Generalized Horvitz-Thompson Estimators

We can build estimators that use auxiliary variables (e.g., ratio estimators, regression estimators, and estimators used with stratification or post-stratification) using Horvitz-Thompson estimators. These are examples of what are sometimes called generalized Horvitz-Thompson estimators.

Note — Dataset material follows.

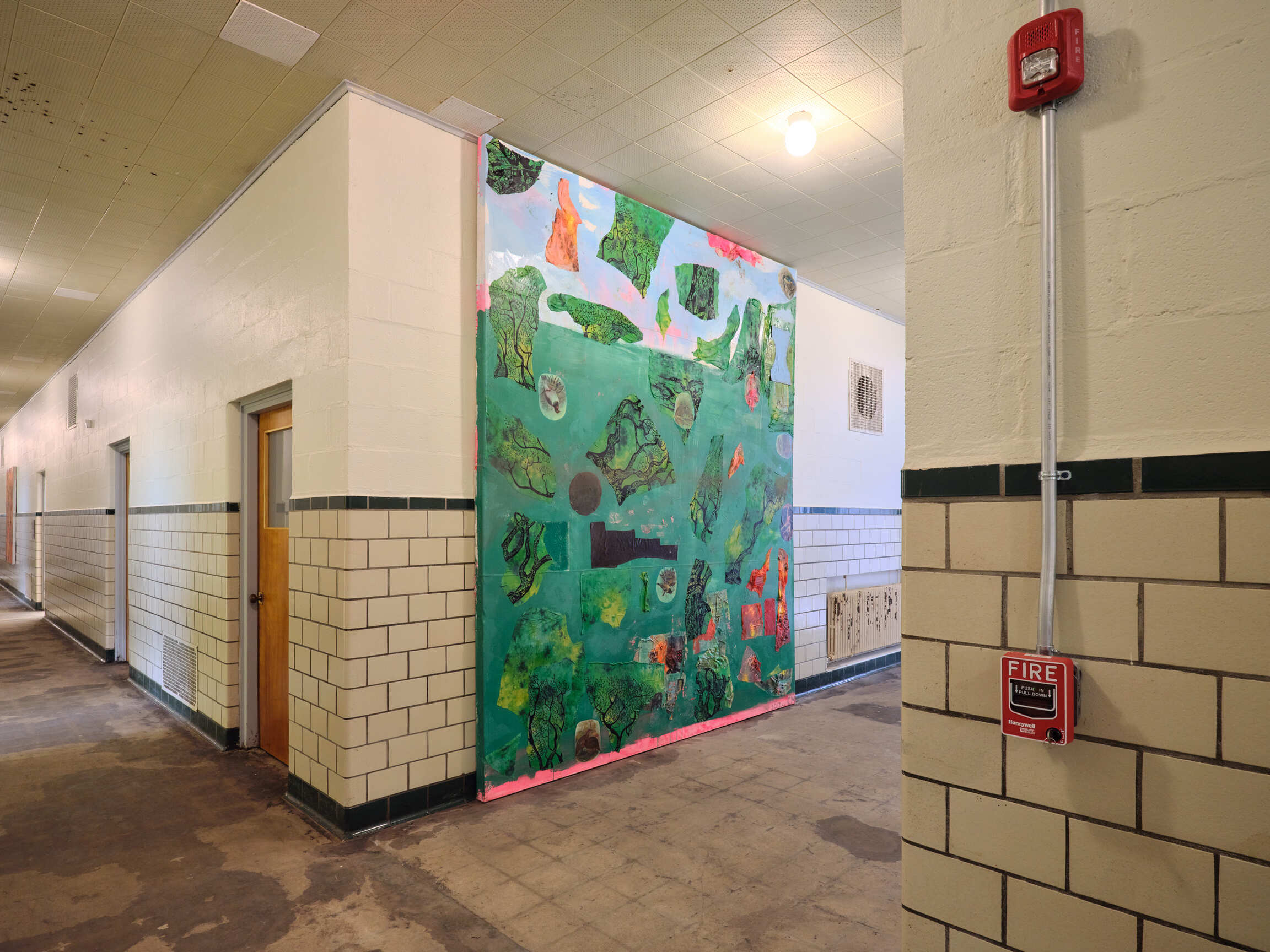 Vacant since the ‘90s, the 78,000-square-foot building of the Ockawamick School, built in 1951 and largely unrenovated, has been ripe for reanimation. Colorfully-painted classrooms, mid-century architectural details, and generous natural lighting create a compelling context for artists to engage with the space, the original purpose of the structure, and one another.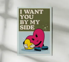 Il mio cuore è tuo e il tuo è mio" è forse il modo migliore per descrivere la simbiosi di affetto, amicizia e amore espressa in questa illustrazione a fumetti. Per grandi e piccini, per la camera dei bambini o per qualsiasi altra parete.

Example: Recall that the ratio estimator of \(\tau_y\) for a simple random sampling design is \[ \hat\tau_y = \tau_x\bar{y}/\bar{x}. \] Here \(\bar{y}\) and \(\bar{x}\) are estimators of \(\mu_y\) and \(\mu_x\), respectively. But for an arbitrary sampling design the Horvitz-Thompson estimators of \(\mu_y\) and \(\mu_x\) are \[ \hat\mu_y = \frac{1}{N}\sum_{i \in \mathcal{S}}\frac{y_i}{\pi_i} \ \ \ \text{and} \ \ \ \hat\mu_x = \frac{1}{N}\sum_{i \in \mathcal{S}}\frac{x_i}{\pi_i}. \] Substituting these estimators into the ratio estimator gives us \[ \hat\tau_y = \tau_x\frac{\sum_{i \in \mathcal{S}} y_i/\pi_i}{\sum_{i \in \mathcal{S}} x_i/\pi_i}. \]

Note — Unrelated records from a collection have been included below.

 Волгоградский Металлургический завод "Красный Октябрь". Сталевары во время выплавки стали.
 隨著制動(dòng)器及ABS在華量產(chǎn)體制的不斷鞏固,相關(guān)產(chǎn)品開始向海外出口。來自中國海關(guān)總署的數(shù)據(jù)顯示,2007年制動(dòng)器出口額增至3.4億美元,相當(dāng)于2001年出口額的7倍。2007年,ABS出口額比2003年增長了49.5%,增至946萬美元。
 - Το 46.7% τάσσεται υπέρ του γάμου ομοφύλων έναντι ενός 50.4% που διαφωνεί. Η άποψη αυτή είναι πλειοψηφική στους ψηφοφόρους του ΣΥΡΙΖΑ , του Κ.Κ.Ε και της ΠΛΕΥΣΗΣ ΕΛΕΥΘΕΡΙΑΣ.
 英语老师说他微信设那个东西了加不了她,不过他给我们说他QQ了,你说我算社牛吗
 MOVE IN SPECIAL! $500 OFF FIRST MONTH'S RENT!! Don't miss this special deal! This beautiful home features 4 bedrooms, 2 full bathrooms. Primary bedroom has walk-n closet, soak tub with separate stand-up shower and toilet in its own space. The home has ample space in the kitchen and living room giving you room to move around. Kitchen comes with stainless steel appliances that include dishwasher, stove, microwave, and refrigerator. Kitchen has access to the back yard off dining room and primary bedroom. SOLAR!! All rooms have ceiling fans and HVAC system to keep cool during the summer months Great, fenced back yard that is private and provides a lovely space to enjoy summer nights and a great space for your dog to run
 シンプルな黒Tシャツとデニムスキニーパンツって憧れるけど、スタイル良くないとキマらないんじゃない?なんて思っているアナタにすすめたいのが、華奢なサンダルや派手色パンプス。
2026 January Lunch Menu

Example: Recall that the regression estimator of \(\tau_y\) for a simple random sampling design is \[ \hat\tau_y = N\bar{y} + b(\tau_x - N\bar{x}). \] Substituting the Horvitz-Thompson estimators for \(\bar{y}\) and \(\bar{x}\) as we did for the ratio estimator gives the regression estimator for an arbitrary design, \[ \hat\tau_y = \sum_{i \in \mathcal{S}}\frac{y_i}{\pi_i} + b\left(\tau_x - \sum_{i \in \mathcal{S}}\frac{x_i}{\pi_i}\right). \] The slope of the line (\(b\)) that relates the target variable to the auxiliary variable is computed differently to take into account the inclusion probabilities (the details have been omitted here).

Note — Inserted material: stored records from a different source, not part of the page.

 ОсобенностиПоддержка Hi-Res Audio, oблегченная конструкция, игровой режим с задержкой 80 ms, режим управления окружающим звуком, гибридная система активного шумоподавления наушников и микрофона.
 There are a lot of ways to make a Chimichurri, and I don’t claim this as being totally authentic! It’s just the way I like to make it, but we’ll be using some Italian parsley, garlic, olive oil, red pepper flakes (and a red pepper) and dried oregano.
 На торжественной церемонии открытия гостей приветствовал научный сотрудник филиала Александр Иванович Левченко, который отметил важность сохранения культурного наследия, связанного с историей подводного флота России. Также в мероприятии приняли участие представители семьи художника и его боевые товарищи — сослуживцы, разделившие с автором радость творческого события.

Example: For a stratified random sampling design, with simple random sampling within each stratum, the estimator of \(\tau\) can be written as \[ \hat\tau = N_1\bar{y}_1 + N_2\bar{y}_2 + \cdots + N_L\bar{y}_L. \] The Horvitz-Thompson estimator of \(\mu_j\) can be written as \[ \hat\mu_j = \frac{1}{N_j}\sum_{i \in \mathcal{S}_j}\frac{y_i}{\pi_i}. \] So then the estimator of \(\tau\) for any sampling design involving strata is \[ \hat\tau = \sum_{i \in \mathcal{S}_1}\frac{y_{i}}{\pi_{i}} + \sum_{i \in \mathcal{S}_2}\frac{y_{i}}{\pi_{i}} + \cdots + \sum_{i \in \mathcal{S}_L}\frac{y_{i}}{\pi_{i}}. \]

Second-Order Inclusion Probabilities

The variance of the Horvitz-Thompson estimator depends on second-order (or “joint”) inclusion probabilities (\(\pi_{ij}\)) as opposed to the first-order inclusion probabilities (\(\pi_i\)). The second-order inclusion probability \(\pi_{ij}\) is the probability that \(\mathcal{E}_i\) and \(\mathcal{E}_j\) will both be included in the sample.

Note: If \(i = j\) then \(\pi_{ij} = \pi_i\) (i.e., the first-order inclusion probability).

Example: Suppose we have the population \(\mathcal{P} = \{\mathcal{E}_1,\mathcal{E}_2,\mathcal{E}_3,\mathcal{E}_4,\mathcal{E}_5\}\) and the following sampling design. \[\begin{align*} \mathcal{S}_1 & = \{\mathcal{E}_1,\mathcal{E}_2,\mathcal{E}_4\}, \ P(\mathcal{S}_1) = 0.1 \\ \mathcal{S}_2 & = \{\mathcal{E}_1,\mathcal{E}_2,\mathcal{E}_5\}, \ P(\mathcal{S}_2) = 0.2 \\ \mathcal{S}_3 & = \{\mathcal{E}_1,\mathcal{E}_3,\mathcal{E}_4\}, \ P(\mathcal{S}_3) = 0.3 \\ \mathcal{S}_4 & = \{\mathcal{E}_1,\mathcal{E}_3,\mathcal{E}_5\}, \ P(\mathcal{S}_4) = 0.2 \\ \mathcal{S}_5 & = \{\mathcal{E}_2,\mathcal{E}_3,\mathcal{E}_4\}, \ P(\mathcal{S}_5) = 0.1 \\ \mathcal{S}_6 & = \{\mathcal{E}_2,\mathcal{E}_3,\mathcal{E}_5\}, \ P(\mathcal{S}_6) = 0.1 \\ \end{align*}\] Based on this design we can determine the second-order inclusion probabilities for all pairs of elements.
Elements Second-Order Inclusion Probability
\(\mathcal{E}_1,\mathcal{E}_2\)
\(\mathcal{E}_1,\mathcal{E}_3\)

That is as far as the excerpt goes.